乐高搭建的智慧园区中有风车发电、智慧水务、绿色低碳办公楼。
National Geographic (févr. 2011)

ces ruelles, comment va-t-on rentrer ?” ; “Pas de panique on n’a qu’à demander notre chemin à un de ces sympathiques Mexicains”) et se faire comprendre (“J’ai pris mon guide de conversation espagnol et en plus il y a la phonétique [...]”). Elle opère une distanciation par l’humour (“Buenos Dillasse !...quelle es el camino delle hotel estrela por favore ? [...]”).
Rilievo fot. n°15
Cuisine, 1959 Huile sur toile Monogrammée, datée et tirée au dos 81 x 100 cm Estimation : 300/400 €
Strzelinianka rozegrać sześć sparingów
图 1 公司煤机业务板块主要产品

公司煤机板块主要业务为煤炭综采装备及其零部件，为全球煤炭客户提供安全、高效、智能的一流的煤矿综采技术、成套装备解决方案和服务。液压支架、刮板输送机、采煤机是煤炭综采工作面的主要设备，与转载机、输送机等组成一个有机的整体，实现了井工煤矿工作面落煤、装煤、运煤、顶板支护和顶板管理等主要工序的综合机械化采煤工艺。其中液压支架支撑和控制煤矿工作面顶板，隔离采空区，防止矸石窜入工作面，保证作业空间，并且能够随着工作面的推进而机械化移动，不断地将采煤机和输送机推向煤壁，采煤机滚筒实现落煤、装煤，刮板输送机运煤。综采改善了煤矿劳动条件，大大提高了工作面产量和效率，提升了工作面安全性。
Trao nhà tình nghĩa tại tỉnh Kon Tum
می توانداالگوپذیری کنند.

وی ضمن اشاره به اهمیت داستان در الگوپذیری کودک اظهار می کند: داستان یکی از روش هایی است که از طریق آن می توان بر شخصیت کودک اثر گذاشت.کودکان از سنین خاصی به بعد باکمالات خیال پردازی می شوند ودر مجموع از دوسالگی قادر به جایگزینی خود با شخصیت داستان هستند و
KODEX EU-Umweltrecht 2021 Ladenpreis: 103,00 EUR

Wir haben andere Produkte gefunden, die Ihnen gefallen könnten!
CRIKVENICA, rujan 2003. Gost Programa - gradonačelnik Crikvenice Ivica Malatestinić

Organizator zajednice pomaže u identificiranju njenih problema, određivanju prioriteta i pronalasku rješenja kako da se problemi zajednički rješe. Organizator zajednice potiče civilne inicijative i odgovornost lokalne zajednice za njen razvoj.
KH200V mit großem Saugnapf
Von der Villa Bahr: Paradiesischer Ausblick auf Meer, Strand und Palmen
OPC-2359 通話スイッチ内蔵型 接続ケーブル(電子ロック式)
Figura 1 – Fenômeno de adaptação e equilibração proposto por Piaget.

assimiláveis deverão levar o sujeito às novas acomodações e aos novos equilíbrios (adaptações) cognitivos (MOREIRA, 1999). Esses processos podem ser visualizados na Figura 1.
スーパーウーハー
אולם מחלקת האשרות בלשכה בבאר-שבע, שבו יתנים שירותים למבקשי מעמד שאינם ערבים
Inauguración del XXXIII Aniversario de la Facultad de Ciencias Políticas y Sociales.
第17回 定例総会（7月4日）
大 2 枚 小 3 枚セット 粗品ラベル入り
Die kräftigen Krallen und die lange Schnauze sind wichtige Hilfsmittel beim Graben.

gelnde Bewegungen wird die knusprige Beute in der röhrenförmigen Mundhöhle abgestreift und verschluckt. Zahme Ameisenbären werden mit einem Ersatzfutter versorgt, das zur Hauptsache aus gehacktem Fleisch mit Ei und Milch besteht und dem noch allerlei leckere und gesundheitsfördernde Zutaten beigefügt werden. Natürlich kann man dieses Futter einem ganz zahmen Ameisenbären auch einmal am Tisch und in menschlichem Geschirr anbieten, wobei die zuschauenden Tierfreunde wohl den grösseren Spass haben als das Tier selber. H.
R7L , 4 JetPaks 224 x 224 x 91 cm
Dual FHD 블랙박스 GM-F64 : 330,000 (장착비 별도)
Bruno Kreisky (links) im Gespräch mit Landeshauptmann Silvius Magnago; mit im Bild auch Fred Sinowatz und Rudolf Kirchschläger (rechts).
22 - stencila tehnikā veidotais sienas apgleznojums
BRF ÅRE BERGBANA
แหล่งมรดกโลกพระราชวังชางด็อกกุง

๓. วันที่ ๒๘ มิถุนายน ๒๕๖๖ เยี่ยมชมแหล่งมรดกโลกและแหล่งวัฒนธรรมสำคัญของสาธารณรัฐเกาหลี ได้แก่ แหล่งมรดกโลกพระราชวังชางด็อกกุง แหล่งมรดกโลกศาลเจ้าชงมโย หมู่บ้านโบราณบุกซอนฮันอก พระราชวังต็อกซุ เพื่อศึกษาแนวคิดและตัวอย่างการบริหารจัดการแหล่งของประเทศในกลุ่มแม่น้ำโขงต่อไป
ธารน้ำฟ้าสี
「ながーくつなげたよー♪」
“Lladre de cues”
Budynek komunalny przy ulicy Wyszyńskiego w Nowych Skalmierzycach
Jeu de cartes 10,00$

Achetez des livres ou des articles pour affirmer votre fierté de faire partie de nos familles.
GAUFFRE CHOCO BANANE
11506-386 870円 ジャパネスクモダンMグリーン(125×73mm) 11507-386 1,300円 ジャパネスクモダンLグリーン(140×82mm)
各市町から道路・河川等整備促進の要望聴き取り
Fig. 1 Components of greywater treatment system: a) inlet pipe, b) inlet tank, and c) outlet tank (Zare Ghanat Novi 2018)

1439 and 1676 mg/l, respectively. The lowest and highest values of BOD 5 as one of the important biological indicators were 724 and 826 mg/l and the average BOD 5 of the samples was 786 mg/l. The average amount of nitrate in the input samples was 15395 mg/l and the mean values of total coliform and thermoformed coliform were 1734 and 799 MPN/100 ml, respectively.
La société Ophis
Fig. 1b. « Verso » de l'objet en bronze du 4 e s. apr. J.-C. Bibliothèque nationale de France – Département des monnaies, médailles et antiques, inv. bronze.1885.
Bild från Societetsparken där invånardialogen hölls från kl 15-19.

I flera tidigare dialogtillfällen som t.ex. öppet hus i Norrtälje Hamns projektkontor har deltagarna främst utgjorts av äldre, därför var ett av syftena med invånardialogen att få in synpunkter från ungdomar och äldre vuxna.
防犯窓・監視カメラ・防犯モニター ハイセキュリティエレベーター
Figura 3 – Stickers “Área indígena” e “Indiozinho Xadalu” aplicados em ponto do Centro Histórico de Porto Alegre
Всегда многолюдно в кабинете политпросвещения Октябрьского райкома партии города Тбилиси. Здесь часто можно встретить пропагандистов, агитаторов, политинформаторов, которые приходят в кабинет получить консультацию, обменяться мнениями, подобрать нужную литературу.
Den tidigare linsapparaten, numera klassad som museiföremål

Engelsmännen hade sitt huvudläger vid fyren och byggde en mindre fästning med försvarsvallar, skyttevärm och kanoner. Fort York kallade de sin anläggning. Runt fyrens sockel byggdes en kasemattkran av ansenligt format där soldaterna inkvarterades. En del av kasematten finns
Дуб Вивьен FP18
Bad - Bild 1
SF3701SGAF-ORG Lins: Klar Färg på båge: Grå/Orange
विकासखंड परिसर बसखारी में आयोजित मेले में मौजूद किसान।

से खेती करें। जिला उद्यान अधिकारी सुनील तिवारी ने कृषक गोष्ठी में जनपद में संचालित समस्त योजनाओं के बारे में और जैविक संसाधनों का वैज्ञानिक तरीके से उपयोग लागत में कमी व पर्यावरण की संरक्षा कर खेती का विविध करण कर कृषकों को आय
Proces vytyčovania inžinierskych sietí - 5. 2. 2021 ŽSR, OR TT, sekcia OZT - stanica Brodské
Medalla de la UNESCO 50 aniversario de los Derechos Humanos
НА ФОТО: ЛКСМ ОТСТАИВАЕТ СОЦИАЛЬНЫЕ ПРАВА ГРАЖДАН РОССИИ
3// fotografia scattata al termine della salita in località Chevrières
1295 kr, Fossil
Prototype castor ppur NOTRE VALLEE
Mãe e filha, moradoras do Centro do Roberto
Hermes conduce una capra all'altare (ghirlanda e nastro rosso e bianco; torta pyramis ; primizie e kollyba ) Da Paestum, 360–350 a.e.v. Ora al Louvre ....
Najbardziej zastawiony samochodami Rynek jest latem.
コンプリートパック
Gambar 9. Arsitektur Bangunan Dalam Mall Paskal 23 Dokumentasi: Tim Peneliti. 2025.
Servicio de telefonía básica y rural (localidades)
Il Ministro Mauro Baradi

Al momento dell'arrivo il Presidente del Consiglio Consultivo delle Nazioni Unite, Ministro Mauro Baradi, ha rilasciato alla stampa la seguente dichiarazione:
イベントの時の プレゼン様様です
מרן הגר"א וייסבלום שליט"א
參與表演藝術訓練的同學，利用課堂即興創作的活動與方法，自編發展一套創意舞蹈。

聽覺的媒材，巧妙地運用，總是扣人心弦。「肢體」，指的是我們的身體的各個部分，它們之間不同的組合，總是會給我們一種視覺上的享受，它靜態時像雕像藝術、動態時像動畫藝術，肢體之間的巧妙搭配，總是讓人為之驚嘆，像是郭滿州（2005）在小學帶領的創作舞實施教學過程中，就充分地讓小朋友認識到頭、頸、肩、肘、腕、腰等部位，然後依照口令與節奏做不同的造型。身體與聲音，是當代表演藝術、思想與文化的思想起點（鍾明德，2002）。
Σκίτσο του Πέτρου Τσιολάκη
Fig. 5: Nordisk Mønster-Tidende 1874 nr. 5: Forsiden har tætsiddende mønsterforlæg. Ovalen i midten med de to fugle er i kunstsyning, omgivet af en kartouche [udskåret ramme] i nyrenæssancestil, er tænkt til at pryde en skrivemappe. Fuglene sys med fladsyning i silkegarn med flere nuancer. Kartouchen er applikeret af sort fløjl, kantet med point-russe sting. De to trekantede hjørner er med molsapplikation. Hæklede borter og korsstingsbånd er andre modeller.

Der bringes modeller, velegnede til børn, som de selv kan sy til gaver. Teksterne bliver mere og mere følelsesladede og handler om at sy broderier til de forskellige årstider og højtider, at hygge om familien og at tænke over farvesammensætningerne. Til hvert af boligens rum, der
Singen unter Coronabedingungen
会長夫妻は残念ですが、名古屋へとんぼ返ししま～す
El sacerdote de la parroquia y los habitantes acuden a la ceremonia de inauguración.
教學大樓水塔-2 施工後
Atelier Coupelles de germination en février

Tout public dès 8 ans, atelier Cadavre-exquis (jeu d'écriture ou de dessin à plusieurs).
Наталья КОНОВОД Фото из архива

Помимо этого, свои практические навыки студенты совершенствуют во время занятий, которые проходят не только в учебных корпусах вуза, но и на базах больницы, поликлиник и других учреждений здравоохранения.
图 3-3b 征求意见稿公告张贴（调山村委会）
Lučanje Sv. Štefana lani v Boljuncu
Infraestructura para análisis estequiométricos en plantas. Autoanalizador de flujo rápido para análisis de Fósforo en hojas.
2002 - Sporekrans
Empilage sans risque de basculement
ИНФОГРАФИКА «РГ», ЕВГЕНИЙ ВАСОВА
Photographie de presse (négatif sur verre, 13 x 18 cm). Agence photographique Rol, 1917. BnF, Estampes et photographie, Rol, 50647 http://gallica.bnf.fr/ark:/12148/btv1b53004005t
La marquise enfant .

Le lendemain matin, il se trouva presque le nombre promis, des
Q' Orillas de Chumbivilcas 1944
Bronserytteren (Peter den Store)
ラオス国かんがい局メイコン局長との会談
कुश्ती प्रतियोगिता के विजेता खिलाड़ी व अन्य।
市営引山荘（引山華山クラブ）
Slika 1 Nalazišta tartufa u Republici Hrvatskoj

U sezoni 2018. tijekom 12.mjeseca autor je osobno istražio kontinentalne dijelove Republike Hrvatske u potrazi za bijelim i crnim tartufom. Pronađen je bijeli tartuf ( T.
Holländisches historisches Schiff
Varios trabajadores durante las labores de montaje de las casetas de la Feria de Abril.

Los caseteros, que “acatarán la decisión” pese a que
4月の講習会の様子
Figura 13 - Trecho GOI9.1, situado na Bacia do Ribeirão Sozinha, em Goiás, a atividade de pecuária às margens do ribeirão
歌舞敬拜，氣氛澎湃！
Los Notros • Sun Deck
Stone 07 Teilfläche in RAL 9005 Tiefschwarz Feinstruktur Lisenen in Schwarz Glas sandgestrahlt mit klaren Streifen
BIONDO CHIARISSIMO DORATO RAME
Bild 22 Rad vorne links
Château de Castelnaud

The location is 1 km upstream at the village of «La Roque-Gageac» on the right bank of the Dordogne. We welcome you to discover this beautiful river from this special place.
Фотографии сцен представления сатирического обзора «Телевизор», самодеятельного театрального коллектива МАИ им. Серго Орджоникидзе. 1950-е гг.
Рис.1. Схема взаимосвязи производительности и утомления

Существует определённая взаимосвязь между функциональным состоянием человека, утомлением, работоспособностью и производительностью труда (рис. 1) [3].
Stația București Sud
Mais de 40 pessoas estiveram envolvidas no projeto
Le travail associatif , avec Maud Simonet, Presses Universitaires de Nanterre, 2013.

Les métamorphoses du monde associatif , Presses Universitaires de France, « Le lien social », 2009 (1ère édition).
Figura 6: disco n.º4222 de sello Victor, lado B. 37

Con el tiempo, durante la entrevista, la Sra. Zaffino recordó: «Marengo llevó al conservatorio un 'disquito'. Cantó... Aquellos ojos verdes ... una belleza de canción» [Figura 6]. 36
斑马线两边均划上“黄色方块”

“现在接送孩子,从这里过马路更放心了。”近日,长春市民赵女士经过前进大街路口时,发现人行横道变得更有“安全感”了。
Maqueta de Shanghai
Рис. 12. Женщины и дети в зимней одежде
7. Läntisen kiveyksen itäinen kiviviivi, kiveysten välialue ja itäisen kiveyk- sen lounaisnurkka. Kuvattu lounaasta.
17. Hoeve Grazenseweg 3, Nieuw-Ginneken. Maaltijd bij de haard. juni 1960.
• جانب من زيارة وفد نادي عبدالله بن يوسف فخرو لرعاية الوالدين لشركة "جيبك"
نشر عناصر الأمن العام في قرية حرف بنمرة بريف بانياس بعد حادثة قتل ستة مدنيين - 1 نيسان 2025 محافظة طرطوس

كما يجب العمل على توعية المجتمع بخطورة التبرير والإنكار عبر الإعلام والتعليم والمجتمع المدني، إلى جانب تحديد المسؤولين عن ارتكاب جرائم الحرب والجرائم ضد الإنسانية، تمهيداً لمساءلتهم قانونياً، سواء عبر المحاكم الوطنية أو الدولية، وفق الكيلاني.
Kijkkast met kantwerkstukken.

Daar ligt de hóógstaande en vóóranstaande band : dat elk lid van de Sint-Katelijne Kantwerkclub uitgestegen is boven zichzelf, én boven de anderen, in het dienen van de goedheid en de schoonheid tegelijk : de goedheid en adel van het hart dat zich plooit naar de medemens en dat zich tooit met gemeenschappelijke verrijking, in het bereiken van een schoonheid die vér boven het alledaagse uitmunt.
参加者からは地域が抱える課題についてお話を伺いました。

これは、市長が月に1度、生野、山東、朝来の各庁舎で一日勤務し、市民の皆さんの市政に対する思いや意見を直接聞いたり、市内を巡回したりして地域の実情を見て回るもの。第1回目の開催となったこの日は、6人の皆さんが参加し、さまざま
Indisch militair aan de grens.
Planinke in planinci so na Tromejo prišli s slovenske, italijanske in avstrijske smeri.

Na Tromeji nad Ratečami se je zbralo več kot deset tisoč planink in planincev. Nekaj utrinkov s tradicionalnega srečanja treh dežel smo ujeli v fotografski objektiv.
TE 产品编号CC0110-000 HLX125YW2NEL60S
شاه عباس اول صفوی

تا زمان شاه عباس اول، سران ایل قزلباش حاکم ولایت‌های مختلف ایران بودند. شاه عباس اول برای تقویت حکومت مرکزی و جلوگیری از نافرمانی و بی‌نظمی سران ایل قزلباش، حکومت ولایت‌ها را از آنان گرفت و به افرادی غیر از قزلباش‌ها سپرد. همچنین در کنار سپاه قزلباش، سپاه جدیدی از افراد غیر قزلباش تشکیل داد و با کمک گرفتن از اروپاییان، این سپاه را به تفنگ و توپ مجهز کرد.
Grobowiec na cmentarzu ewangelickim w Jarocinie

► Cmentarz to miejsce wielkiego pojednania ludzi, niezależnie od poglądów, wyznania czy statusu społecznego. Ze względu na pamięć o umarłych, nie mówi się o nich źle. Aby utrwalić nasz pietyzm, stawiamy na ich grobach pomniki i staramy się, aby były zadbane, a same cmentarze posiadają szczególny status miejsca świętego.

====================

• Description of the task: Look above for the line with "Q' Orillas de Chumbivilcas 1944" and the line with "7. Läntisen kiveyksen". Retype those two lines and every line between them exactly, adding nothing.

• Answer to this exercise:
Q' Orillas de Chumbivilcas 1944
Bronserytteren (Peter den Store)
ラオス国かんがい局メイコン局長との会談
कुश्ती प्रतियोगिता के विजेता खिलाड़ी व अन्य।
市営引山荘（引山華山クラブ）
Slika 1 Nalazišta tartufa u Republici Hrvatskoj

U sezoni 2018. tijekom 12.mjeseca autor je osobno istražio kontinentalne dijelove Republike Hrvatske u potrazi za bijelim i crnim tartufom. Pronađen je bijeli tartuf ( T.
Holländisches historisches Schiff
Varios trabajadores durante las labores de montaje de las casetas de la Feria de Abril.

Los caseteros, que “acatarán la decisión” pese a que
4月の講習会の様子
Figura 13 - Trecho GOI9.1, situado na Bacia do Ribeirão Sozinha, em Goiás, a atividade de pecuária às margens do ribeirão
歌舞敬拜，氣氛澎湃！
Los Notros • Sun Deck
Stone 07 Teilfläche in RAL 9005 Tiefschwarz Feinstruktur Lisenen in Schwarz Glas sandgestrahlt mit klaren Streifen
BIONDO CHIARISSIMO DORATO RAME
Bild 22 Rad vorne links
Château de Castelnaud

The location is 1 km upstream at the village of «La Roque-Gageac» on the right bank of the Dordogne. We welcome you to discover this beautiful river from this special place.
Фотографии сцен представления сатирического обзора «Телевизор», самодеятельного театрального коллектива МАИ им. Серго Орджоникидзе. 1950-е гг.
Рис.1. Схема взаимосвязи производительности и утомления

Существует определённая взаимосвязь между функциональным состоянием человека, утомлением, работоспособностью и производительностью труда (рис. 1) [3].
Stația București Sud
Mais de 40 pessoas estiveram envolvidas no projeto
Le travail associatif , avec Maud Simonet, Presses Universitaires de Nanterre, 2013.

Les métamorphoses du monde associatif , Presses Universitaires de France, « Le lien social », 2009 (1ère édition).
Figura 6: disco n.º4222 de sello Victor, lado B. 37

Con el tiempo, durante la entrevista, la Sra. Zaffino recordó: «Marengo llevó al conservatorio un 'disquito'. Cantó... Aquellos ojos verdes ... una belleza de canción» [Figura 6]. 36
斑马线两边均划上“黄色方块”

“现在接送孩子,从这里过马路更放心了。”近日,长春市民赵女士经过前进大街路口时,发现人行横道变得更有“安全感”了。
Maqueta de Shanghai
Рис. 12. Женщины и дети в зимней одежде
7. Läntisen kiveyksen itäinen kiviviivi, kiveysten välialue ja itäisen kiveyk- sen lounaisnurkka. Kuvattu lounaasta.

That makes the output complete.